Появился красноглазый старик с орденом Красной Звезды на лацкане заношенного пиджака. У старика были буденовские усы и мутные маленькие глазки. Он был изрядно пьян.

— Постереги, — кивнул Артем на дверь. И повесил свою цепь на специальные ушки, закрыв таким образом вход в бар.

— Ну, давай, беззубый, сюда! — И Артем завел Алика в пустовавший по случаю лета и жары гардероб. — Излагай, только короче, а то я на работе.

«Все вы на работе, — мелькнуло в голове у Алика. — Рабочий класс. Гегемон...»

— Да у меня дело пустячное.
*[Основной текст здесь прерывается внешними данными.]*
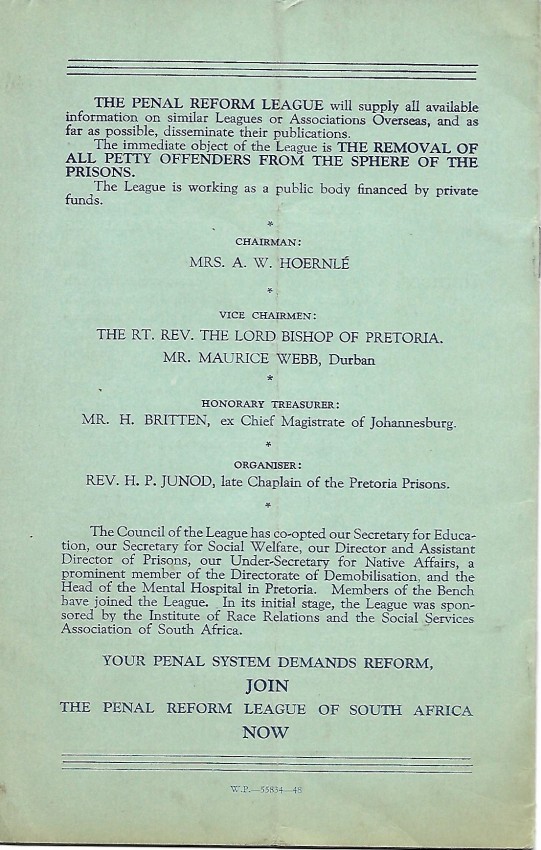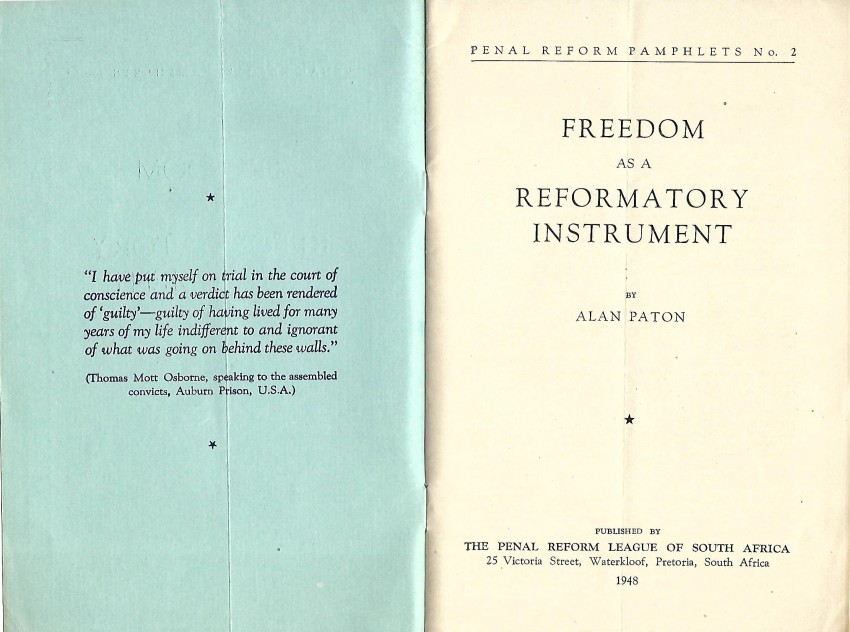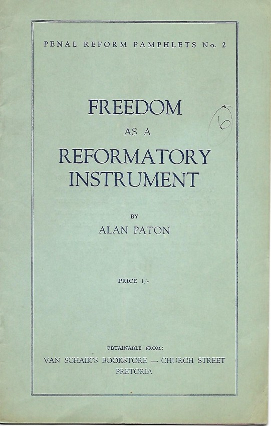 Very scarce early pamphlet published early in 1948, the same year as Cry The Beloved Country and probably preceding it, as it is not mentioned in the short biography of Paton in this pamphlet. Thus very possibly Paton's first solo publication. 16pp. In the original blue printed wraps. Penal Reform Pamphlet No. 2.
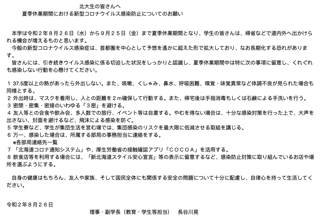 8月26日,北海道大学发布了关于暑假期间防范新冠病毒的通知。通知主要内容如下:
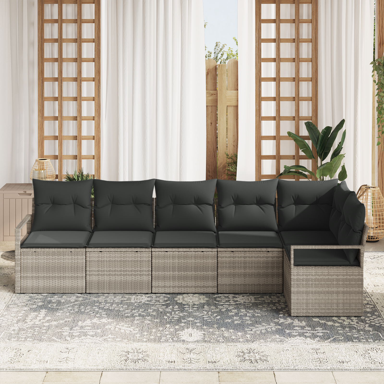 Întâlnește setul modular de canapea de grădină vidaXL 6 piese, aliatul tău pentru o viață exterioară modernă. Făcut din ratan poli gri deschis cu texturi trendy, acest set spațios transformă orice terasă, balcon sau grădină într-o escapadă chic și confortabilă.

Может, я тебя зря и от работы оторвал. Просто мне надо кой-чего сдать. Из дури, — выпалил Алик заранее приготовленную фразу, внутренне сжавшись. Что-то ответит ему на это «хозяин пивбара»?

— Во-он что, беззубый. Так ты торговец белой смертью? — Артем обнаружил вполне осмысленный иронический взгляд. За лениво-циничной вывеской, да еще с цепью впридачу скрывался совсем не дурачок. — И как же ты со своей совестью уживаешься? Мальчики кровавые в глазах не являются?

— А тебе не являются? — Алик почувствовал, что не зря стравил полтинник фарцу-философу в ту ночь.

— Ладно, мы вот что сделаем. Мы сейчас дяденьку милиционера пригласим. И скажем ему, что здесь какой-то беззубый хочет нажиться на страдании и крови ни в чем не повинных людей, — последние слова Артем произнес с дрожью в голосе, с пафосом и слезой.

— Зови, — Алик немного вспотел. — Скажу, что пошутил, разыграл тебя по-дружески.

— Так, логично. А если ты сам ведешь, так сказать, «незримый» бой с теми, «кто честно жить не хочет»? А? Хотя это вряд ли. Слишком у тебя хлебало заметное, таких красавцев там не жалуют. Ну, ладно. Ближе к делу. Чем располагаешь? Кажи масть.

— Колеса.

— А на фасаде? По латыни?

— Седуксен. Ноксирон. Нитразепам.

— Знаешь, что, товарищ с дефицитом зубов. Иди-ка ты домой. И глотай свое фуфло. А нам этого не надо. Спим мы крепко и знаешь почему? Потому что у нас совесть чистая.